En este proceso, el objetivo de la Mesa es construir y afianzar puentes de diálogo entre los actores sociales y políticos, a fin de alcanzar acuerdos comunes que involucren el compromiso y la posterior acción de todos ellos para reducir brechas y desigualdades en el bienestar de la población.
El 2026 nos encuentra con nuevos desafíos y con problemáticas persistentes que, lamentablemente, no hemos logrado resolver como Estado. Seguimos enfrentando una realidad que nos exige reafirmar esfuerzos para que ningún niño o niña sufra anemia o desnutrición, ni quede desprotegido por no recibir sus vacunas completas. El rostro del abandono sigue siendo el de la niñez en el ámbito rural. En el año que culminó, volvimos a registrar enfermedades prevenibles y tratables, como la tos ferina y el sarampión. La primera ya ha cobrado la vida de 59 niños y niñas, y alrededor del 70 % de los casos de tos ferina en el Perú se han presentado en comunidades de Loreto, como Datem del Marañón. De igual manera, en el 2025, los casos de violencia sexual contra niñas y adolescentes en la provincia de Condorcanqui, en Amazonas, volvieron a evidenciar una grave situación de ausencia estatal y debilidades estructurales del sistema de protección.
Otro escenario que tenemos presente en nuestra labor como facilitadores de procesos de diálogo, es el estado de las escuelas y la calidad educativa. En el 2025, la Consulta de Inicio del Año Escolar , 3 874 escuelas en 173 provincias y 822 distritos, impulsada junto al Comité de Transparencia y Vigilancia Ciudadana, ratificó - una vez más- los desafíos que las escuelas enfrentan desde el primer día de clases. A su valor como aporte de evidencia, se suma su relevancia como proceso movilizador de la participación ciudadana y del involucramiento activo de las organizaciones con sus escuelas, promoviendo una ciudadanía responsable y comprometida con los derechos humanos.
Frente a escenarios como estos, el 2026 se convierte en un año especialmente relevante para revalorar el rol del diálogo en la política pública, convencidos en que la lucha contra la pobreza y sus diversas expresiones es una tarea colectiva, que se construye con la voz de las personas y sus capacidades para aportar y comprometerse con el crecimiento de sus comunidades. Que el 2026 sea un año para sentar esas bases de trabajo conjunto, que abra paso a medidas reales y efectivas para atender la crisis de salud y de violencia, los desafíos de la educación, los retos de una juventud que demanda oportunidades de empleo, y las necesidades de un país que requiere crecer con inclusión y planificación para prevenir el impacto de futuros desastres de origen climático y ambiental.

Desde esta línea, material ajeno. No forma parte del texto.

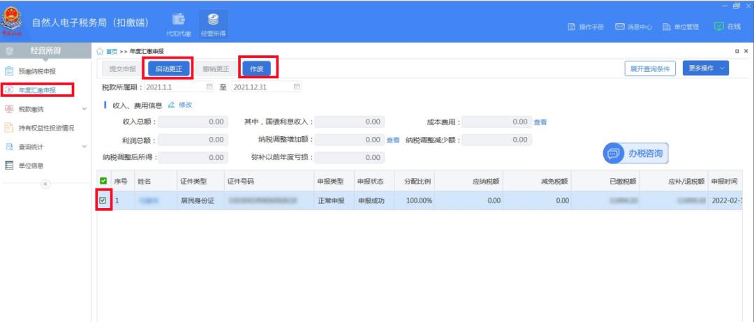 申报表报送成功后发现申报有误,可返回修正。点击【启动更正】,申报成功未缴款时发现有误可作废申报。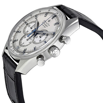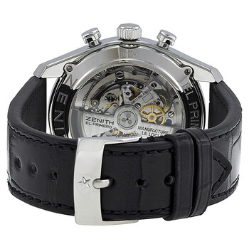 Stainless steel case with a black (alligator) leather strap. Fixed stainless steel bezel. Silver dial with luminous silver-tone hands and index hour markers. Minute markers. Tachymeter around the outer rim. Dial Type: Analog. Luminescent hands and markers. Date display appears at the 6 o'clock position. Chronograph - three sub-dials displaying: 60 second, 30 minute and 12 hour. Automatic movement with a 50 hour power reserve. Scratch resistant sapphire crystal. Skeleton case back. Case diameter: 42 mm. Case thickness: 12.75 mm. Round case shape. Tang clasp. Water resistant at 100 meters / 330 feet. Functions: chronograph, tachymeter, date, hour, minute, second. Luxury watch style. Watch label: Swiss Made. Zenith El Primero Chronograph Automatic Silver Dial Men's Watch 03.2040.400/04.C496.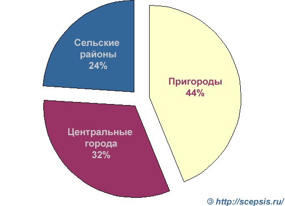 СТРУКТУРА МЕТРОПОЛИИ В США Район метрополии включает один или несколько крупных городов и прилегающие к ним пригороды. Как видно из схемы 8-2, 32 процента всего населения США проживают в центральных городах, в то время как 44 процента являются жителями пригородов. Остальные 24 процента живут за пределами центральных районов. В следующем разделе мы рассмотрим два основных элемента центральной структуры: центральный город и пригород. Схема 8-2. Соотношение населения США, проживающего в центральных городах, пригородах, и сельских районах, 1984 г.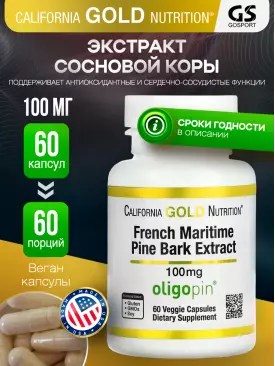 Экстракты French Maritime Pine Bark Extract 60 капсул California Gold Nutrition Подписка на товар Артикул 39079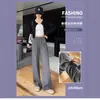 Pantalones anchos para mujer, primavera, nuevos pantalones casuales elásticos de cintura alta, rectos, versátiles, holgados y drapeados.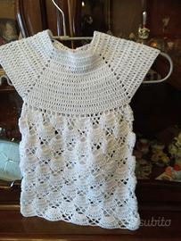 Abito bimba misura 0, 3 mesi in cotone bianco fatto a mano All. Uncinetto spedizione a carico acquirente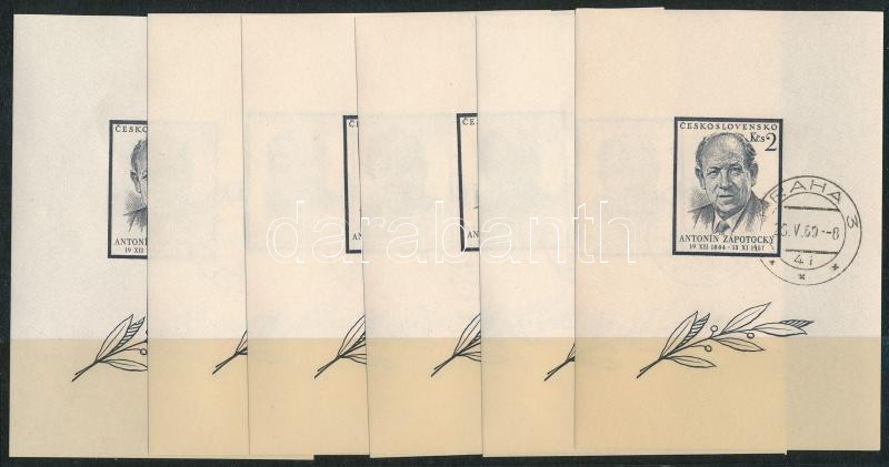 Csehszlovákia 1957 6 db Zapatocki blokk Mi 17II (mindkét termésen van vonalka) (Mi EUR 360.-) (Image)(Image 1)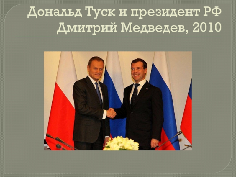 Слайд 19Дональд Туск и президент РФ Дмитрий Медведев, 2010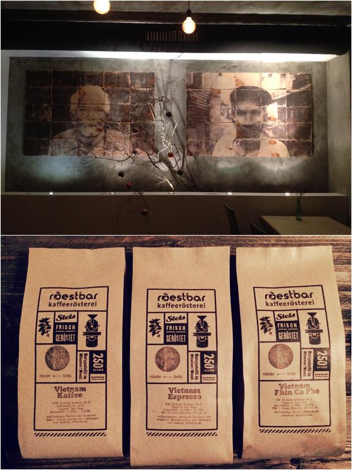 Und auch bei den Getränken hat sich das Royals&Rice nicht beirren lassen. Besonders die tollen Winter-Tees sind hervorzuheben: Granatapfel-Minz-Tee und der Mandarinen-Mandel-Glühwein. Außerdem finden sich auf der Karte lokale Spirituosen, wie Held Vodka oder Holunderblütenlikör aus der Preussische Spirituosen Manufaktur. Der Kaffee, auf den hier besonders großen Wert gelegt wird, kommt entweder von Bonanza Coffee oder aus der roestbar Kaffeerösterei in Münster. Letztere importieren Bohnen aus Vietnam und mahlen diese in Münster, wo auch das erste Royals&Rice vor 3 Jahren eröffnete. Durch den direkten Kontakt nach Vietnam von Familienseite her wird sichergestellt, dass bei dem Kauf einer 250g Packung Kaffeebohnen im Restaurant rund 20% direkt an die Bauern und die Familien in den Kaffeeanbaugebieten gehen.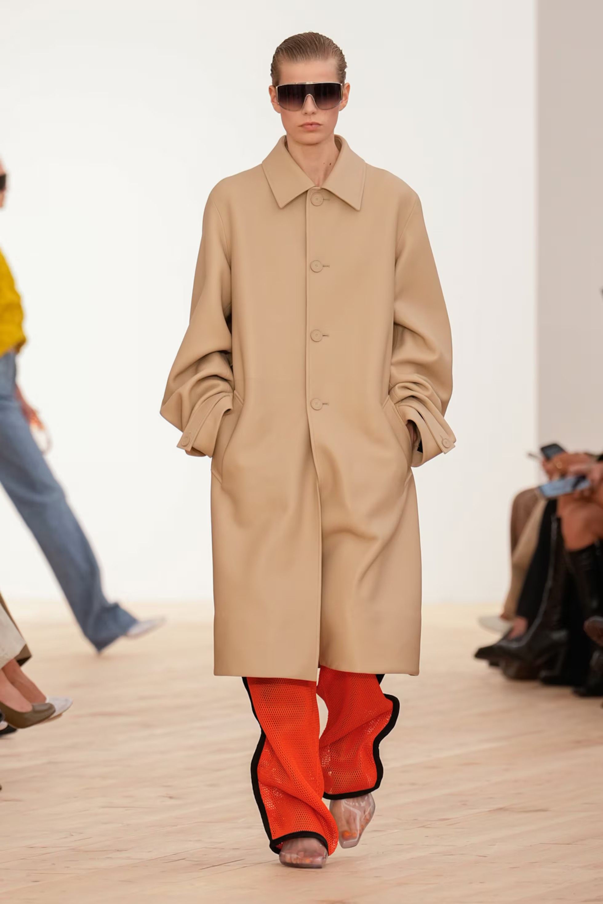 Si Proenza Schouler había virado en sus últimos años hacia el minimalismo, en Loewe el dúo apostó por una paleta vibrante. Amarillos intensos, naranjas saturados y rojos encendidos convivieron con neutros estratégicos. El “amarillo pollito” dominó varias salidas, desde abrigos estructurados hasta vestidos micro de textura escultural. Esta declaración cromática marcó distancia con la sobriedad reciente de su propia marca y abrió un nuevo camino para Loewe.

Y en especial, en el marco de nuestro 25 aniversario, celebrado el 18 de enero, renovemos nuestro compromiso y espíritu persistente en el diálogo como mecanismo para salir adelante juntos como país.
Federico Arnillas Lafert
Presidente de la Mesa de Concertación para la Lucha contra la Pobreza
Crecer en Comunidad - Memoria MCLCP 2025 ( Pag. 7)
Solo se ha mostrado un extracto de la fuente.